UVALDE, Texas — One year ago, teachers at Robb Elementary remember planning an end of the year treat for their students.
Mercedes Salas says she and other teachers planned on giving snow cones to their students on May 24. But that didn’t happen, she says.
“Every day I wake up, I wake up thinking of them, and I pray for them, I pray for my current students,” Salas is still teaching fourth grade in Uvalde. She remembers covering for Mr. Arnulfo Reyes—one of the teachers who was injured in the shooting—whenever he was away from the classroom.
“I loved teaching them even if it was for those 5 minutes, or at recess, seeing them play football, the girls would play tag and I just miss seeing them playing around,” Salas said.

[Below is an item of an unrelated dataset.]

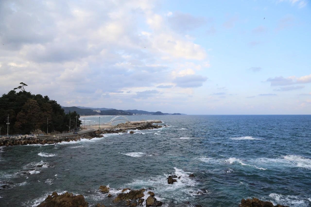바다가 끝나는 지점에 관광객을 위한 구조물이 있다. 이쪽의 바다는 순한가 보다. 파도를 부수어 위력을 약화시키는 테트라포드는 다른 쪽에 있다.
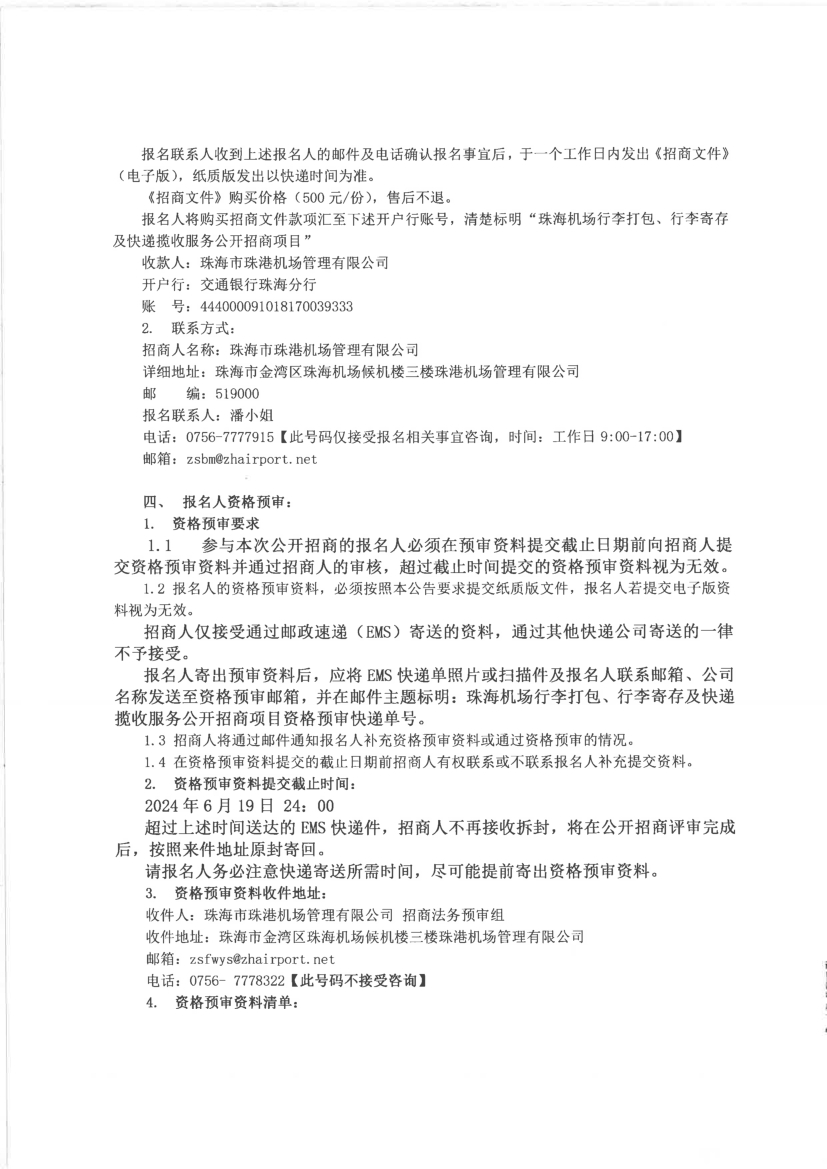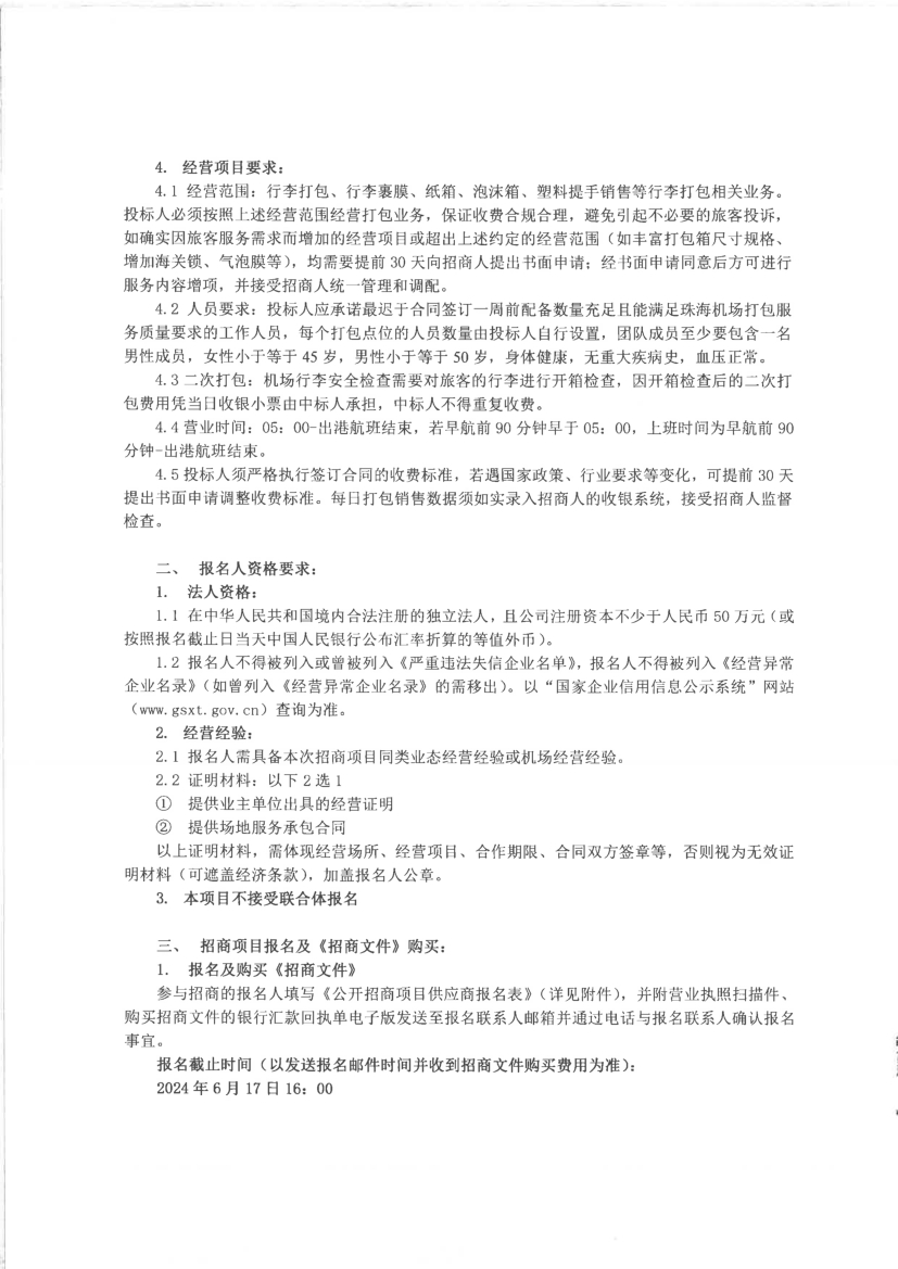 珠海機(jī)場行李打包、行李寄存及快遞攬收服務(wù)公開招商項目報名附件

19 students and two teachers were killed on May 24. Salas believes Uvalde hasn’t recovered from the tragedy. At her current school, she waits until after her classes left for the day to cry.
“I have my days, but in front of my kiddos I’m all smiles. They don’t need to know their teacher is sad, their teacher is having a bad day,” she added.
On Monday, one of the final days of the school year, she gave her class snow cones, something she had planned with other teachers at Robb Elementary.
“I’m sure they would’ve enjoyed their snow cone just like them,” Salas decided to print out paper snow cones and leave them at the memorials for each of the victims in the main plaza. She also left yellow roses for some of the students.
It’s one of the several tributes and messages left at the memorial in downtown, which is set to be closed to the public on May 24. The city of Uvalde is not hosting a sanctioned vigil to mark one year since the tragedy.
Salas continues to teach and hopes to leave an impact on other children too. But she still carries the memories of kids and teachers who were close to her.
“We have been saddened by this, taking away 21 people but they should still be here with us,” Salas adds.